Francois Balloux, professor of Computational Systems Biology and Director of University College London’s Genetics Institute, said it was unlikely that the South African variant had mutated sufficiently to “bypass the protection provided by current vaccines”.
But, he warned: “The E484K mutation has been shown to reduce antibody recognition.
“As such, it helps the virus SARS-CoV-2 to bypass immune protection provided by prior infection or vaccination,” Balloux said.
There have been several mutations to the novel coronavirus since it emerged in late 2019, and most have had a negligible effect on its transmissibility or severity.
But the British variant has shown in several studies to be up to 70 percent more infectious than normal virus strains.
And the South African variant appears to be more effective at avoiding the body’s natural response.
New vaccines?
One pre-print study in December concluded that the two new variants show that SARS-CoV-2 “has the potential to escape an effective immune response”.

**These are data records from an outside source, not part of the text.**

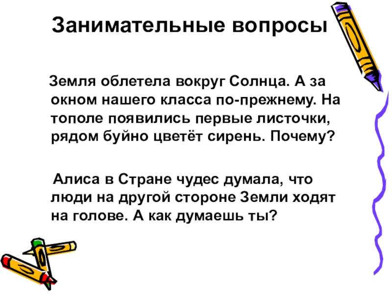 Занимательные вопросы  Земля облетела вокруг Солнца. А за окном нашего класса по-прежнему. На тополе появились первые
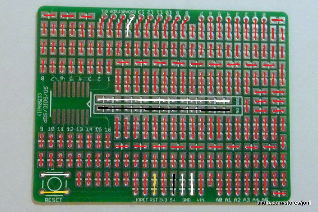 What is it? Arduino R3 compatible protoshield Features with smd pads for 16 pin SOIC (150mil pitch) package (on the top side) with smd pads for 16 pin TSSOP (65mil pitch) package (on the bottom side…
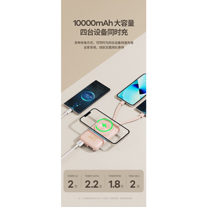 Remax RPP-26 được trang bị viên pin với dung lượng lên đến 10000mAh cho khả năng sạc thiết bị nhiều lần. Theo thử nghiệm từ nhà sản xuất, với cục pin sạc dự phòng 10000mAh này, người dùng có thể sạc 2.2 lần cho dòng Huawei mate30 Pro, 3.3 lần cho iPhone11 Pro, iPhone12 Pro 2.3 lần cho OPPO Reno3 Pro.
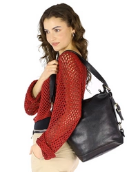 Skórzana torebka damska worek shopper bag czarny - MARCO MAZZINI v201a
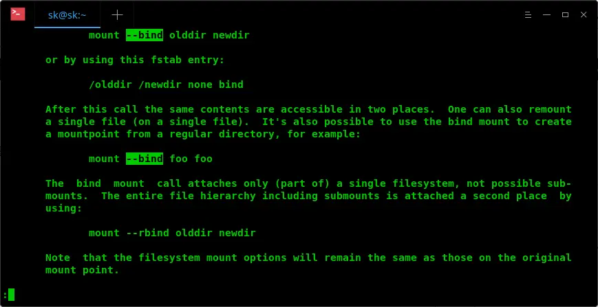 man mount | less +/--bind
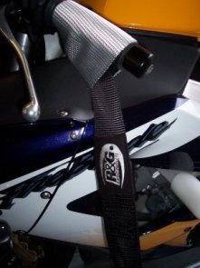 Rewolucyjny system mocowania „tie-down” pozwala na przypięcie motocykla do przyczepy lub podłogi busa i ściśnięcie widelca, bez ryzyka zarysowania górnych lag lub paneli owiewki. Górne pasy mają miękką wyściółkę, która przechodzi przez górną część widelca oraz prowadnice kierownicy, co umożliwia dopięcie pasów napinających z dala od motocykla. Dwie sztuki w zestawie. Kolor: czarno-srebrny z naszytym logo R&G. Zestaw nie zawiera pasów napinających!
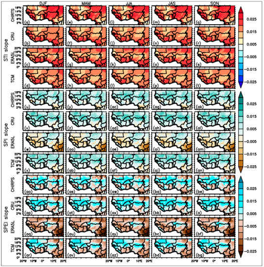 The seasonal Mann–Kendall slope (Figure 11) suggests that the climatic indices are changing at a rate that varies from −0.025 to 0.025 per year between one region and another. For STI the changes are positive (0 to 0.025) everywhere for all the datasets, and suggest that temperature is increasing everywhere within West Africa from 1980 to 2020 and also for all seasons (Figure 11a–t). The SPI (Figure 11u–an) and SPEI indices (Figure 11ao–bg), on the other hand, suggest an increase in precipitation mostly in the Sudan and Sahel zone, with few changes in the Guinean and the Sahara zones. Three datasets (CHIRTS/CHIRPS, CRU, TCM) show similar decreases based on their SPEI values, except that the decrease is much greater than seen for the SPI. ERA5-Land, however, shows significant decreases based on the SPI and SPEI values.
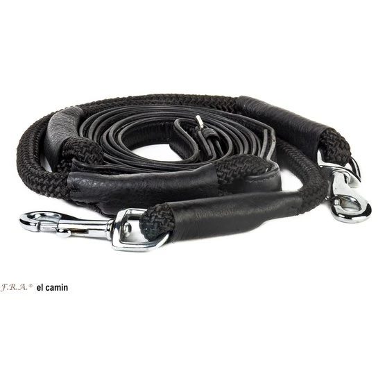 FRA-Zinn / Zügel mit Clips aus Shire-Kordel / schwarzem weichem Leder
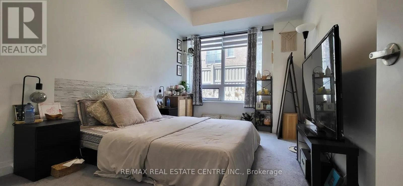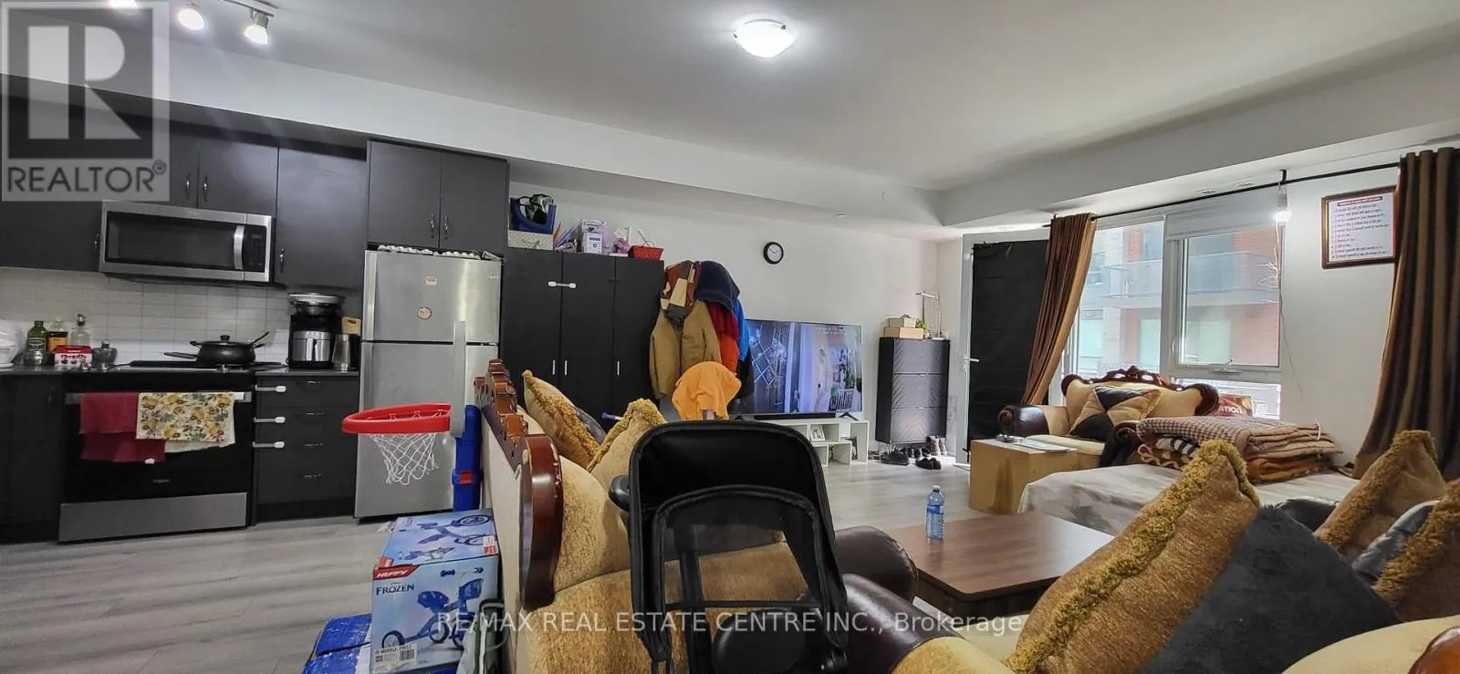 The Gore Rd & Queen St This ground-floor unit offers a sophisticated living experience with 9' ceilings and premium finishes throughout. The modern kitchen and both bathrooms are elegantly appointed with quartz countertops, complementing the open-concept layout. The master suite serves as a private retreat, featuring a walk-in closet, a full ensuite, and a walk-out to a private patio. Residents will enjoy the convenience of 1 underground parking space and a secondary front patio off the main living area. Minutes from Highways 427, 407, and 7, with easy access to transit stops just a 3-minute walk away. Walking distance to grocery stores, pharmacies, and popular dining like Gurus Chilli Chinese. Located near the Gore Mandir. (id:27476)
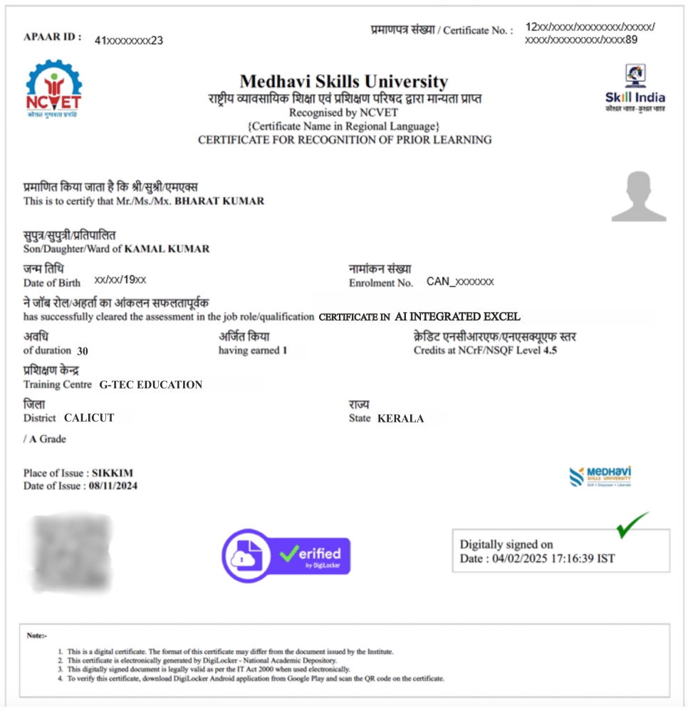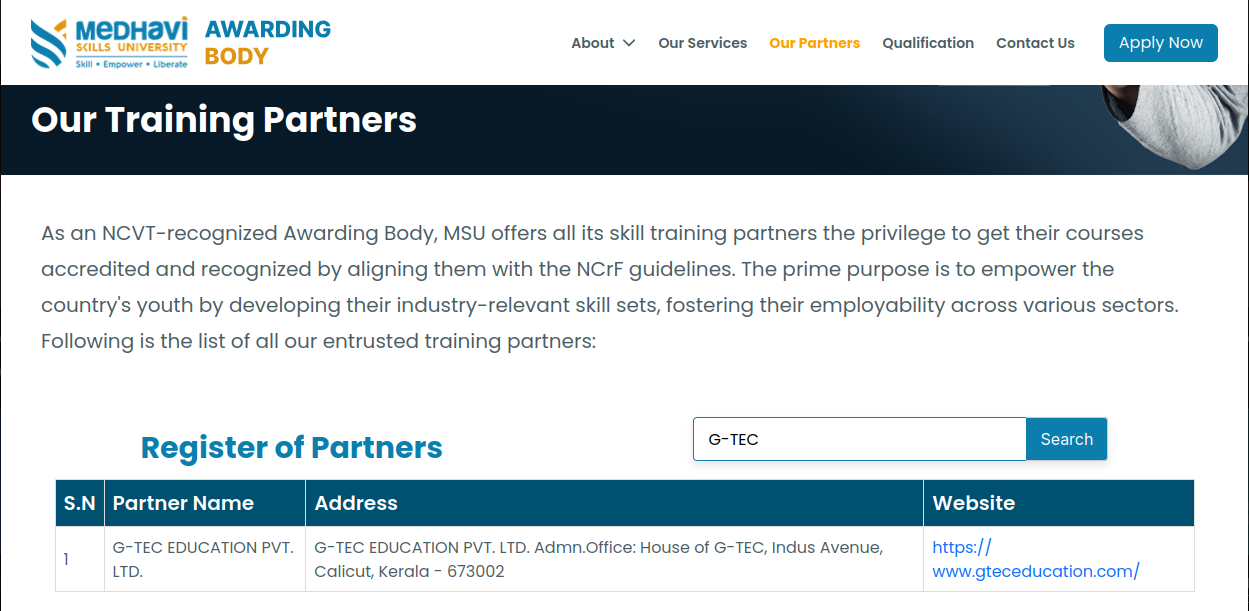 G-TEC EDUCATION is proud to collaborate with Medhavi Skills University (Awarding Body) offer Online Skilled Credit Based courses as per the National Credit Framework (NCrF) guidelines.

Researchers studied what happened to the virus when it was left in contact with plasma taken from a patient who had recovered from COVID-19.
Within three months, the virus had taken on several mutations, including E484K.
The authors suggested that “vaccines and antibodies able to control emerging variants should be developed.”
Lead researcher Rino Rappuoli, an immunologist at pharma giant GlaxoSmithKline, told AFP that the current spike protein mutations should not pose a problem for existing vaccines, however.
And even if the virus mutates to better evade immune response, vaccines should bestow at least some level of effective immunity.
“Even if you lower the efficacy, there would normally still be some neutralisation of the virus,” Vincent Enouf, from Paris’s Pasteur Institute, told AFP.